INSIDER THREAT DETECTION USING GRAPH NEURAL NETWORKS ON ENTERPRISE ACCESS LOGS
Subjects/Theme:
Insider Threat Detection, Graph Neural Networks, Enterprise Security, Access Logs, Anomaly Detection, Cybersecurity Analytics, Deep Learning, Behavioral ModelingDescription
Security and Privacy in AI Systems,
Edited By: Dr. Sunita Chaudhary, Dr. Joydeb Patra
ISBN (978-81-685212-9-2)
Insider threats represent a critical challenge in modern enterprise security, often resulting in significant financial and reputational damage.

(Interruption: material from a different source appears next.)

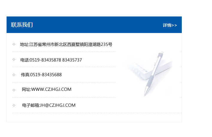 傳真:0519-83435688    郵編:213135    網(wǎng)址:WWW.czjhgj_com.fjzrfs.com    電子郵箱:JH@czjhgj_com.fjzrfs.com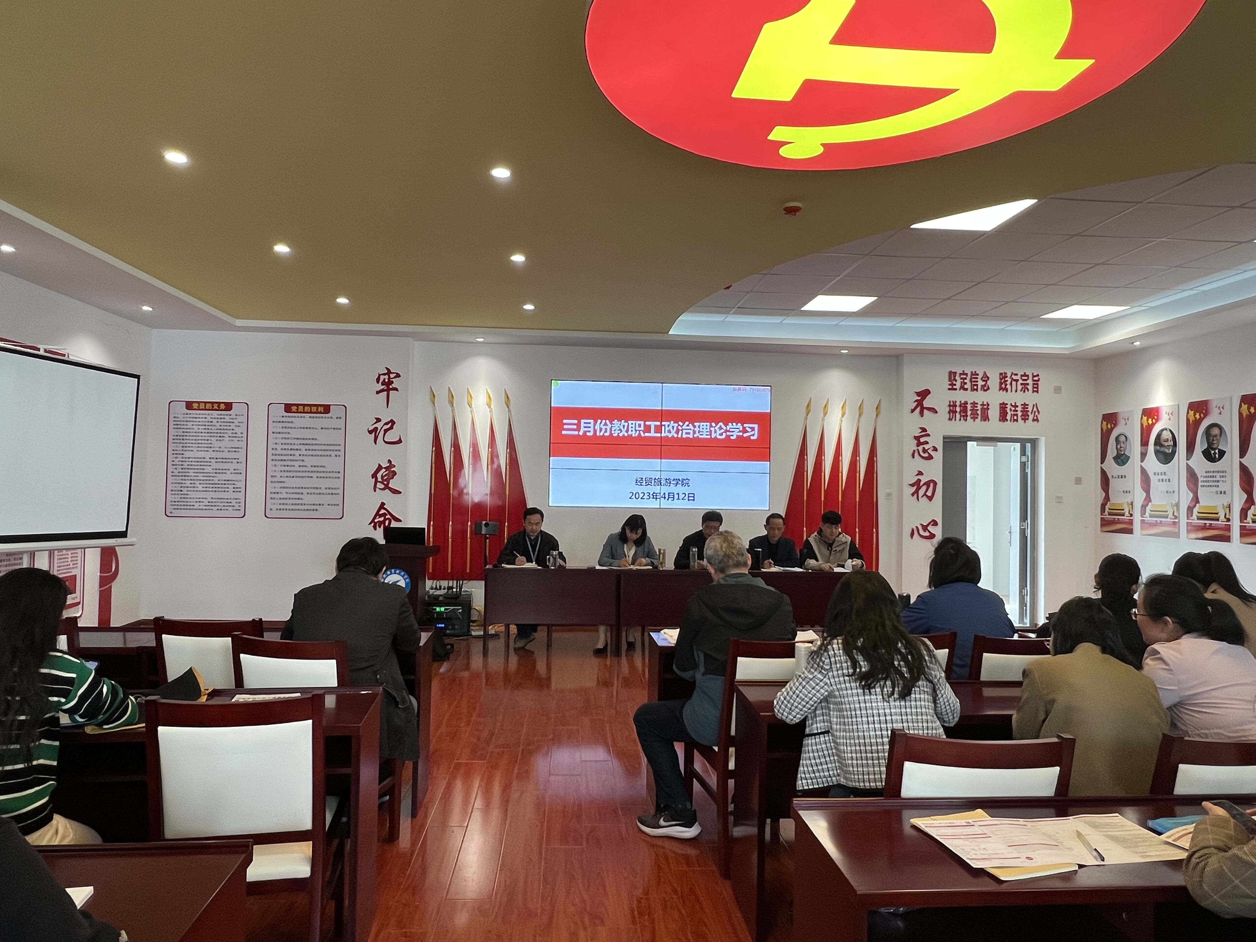 党总支书记梅亚松传达了3月份校党委理论学习中心组(扩大)学习会议精神。他指出,学习宣传贯彻党的二十大精神和全国两会精神是当前和今后一段时期的重要政治任务。要真正做到学懂、弄通、做实,以“一改两为”为抓手,真抓实干,实现学校高质量发展;要一切从实际出发,切实转变工作作风、切实加强与师生联系、切实提高履职尽责本领,用真实的调研素材调整工作策略,用内涵式建设抢占职业教育发展先机。

Traditional detection systems relying on rule-based or statistical methods struggle to capture complex relationships embedded within enterprise access logs. This paper proposes a novel framework leveraging Graph Neural Networks (GNNs) to model user-entity interactions and detect anomalous insider behavior. By transforming access logs into graph structures, where users, devices, and resources are represented as nodes and their interactions as edges, GNNs effectively learn relational patterns and detect deviations indicative of malicious intent. Experimental evaluation on benchmark datasets demonstrates improved detection accuracy, reduced false positives, and enhanced interpretability compared to traditional machine learning models. The study highlights the potential of GNN-based approaches in strengthening enterprise cybersecurity frameworks.